SUPPLIED INFORMATION:
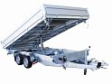Třístranné sklápění korby, odnímatelné sklopné hliníkové bočnice 350 mm, odnímatelné sloupky - lze vytvořit plato. Celosvařený spodní a horní rám.
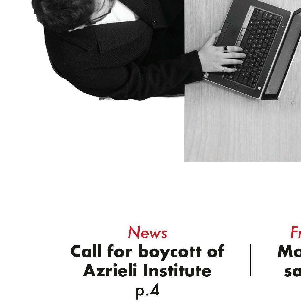 Canadians for Justice and Peace in the Middle East (CJPME) said in a statement to e Link that they also support the call for an academic boycott of the Azrieli Institute. According to the non-pro t, the institute “whitewashes Israel’s crimes against the Palestinian people through the lens
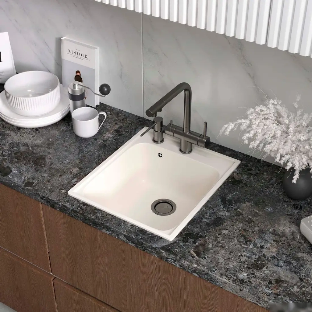 Кухонная мойка Reflexion Quadra RF0243WH выполнена из искусственного камня на основе кварцевого песка, что обеспечивает прочность и долговечность. Она имеет прямоугольную форму с одной чашей, расположенной по центру, и глубиной 18 см, что удобно для мытья посуды и продуктов. Установка осуществляется врезкой на столешницу, что создает аккуратный и современный вид. Размеры мойки подходят для шкафов шириной 45 см, а ее габариты — около 48 x 42 см. Мойка поставляется без смесителя, диспенсера и других дополнительных элементов, что дает возможность выбрать оборудование по своему вкусу. Основная чаша оснащена переливом для предотвращения переливания воды. Благодаря лаконичному дизайну и нейтральному белому цвету, мойка легко впишется в любой интерьер кухни. Надежная упаковка и гарантийный талон обеспечивают спокойствие при покупке.

PROBLEM REQUIREMENTS: Retype the material above exactly, images excluded.

RESULT FOR THIS EXERCISE:
Třístranné sklápění korby, odnímatelné sklopné hliníkové bočnice 350 mm, odnímatelné sloupky - lze vytvořit plato. Celosvařený spodní a horní rám.
 Canadians for Justice and Peace in the Middle East (CJPME) said in a statement to e Link that they also support the call for an academic boycott of the Azrieli Institute. According to the non-pro t, the institute “whitewashes Israel’s crimes against the Palestinian people through the lens
 Кухонная мойка Reflexion Quadra RF0243WH выполнена из искусственного камня на основе кварцевого песка, что обеспечивает прочность и долговечность. Она имеет прямоугольную форму с одной чашей, расположенной по центру, и глубиной 18 см, что удобно для мытья посуды и продуктов. Установка осуществляется врезкой на столешницу, что создает аккуратный и современный вид. Размеры мойки подходят для шкафов шириной 45 см, а ее габариты — около 48 x 42 см. Мойка поставляется без смесителя, диспенсера и других дополнительных элементов, что дает возможность выбрать оборудование по своему вкусу. Основная чаша оснащена переливом для предотвращения переливания воды. Благодаря лаконичному дизайну и нейтральному белому цвету, мойка легко впишется в любой интерьер кухни. Надежная упаковка и гарантийный талон обеспечивают спокойствие при покупке.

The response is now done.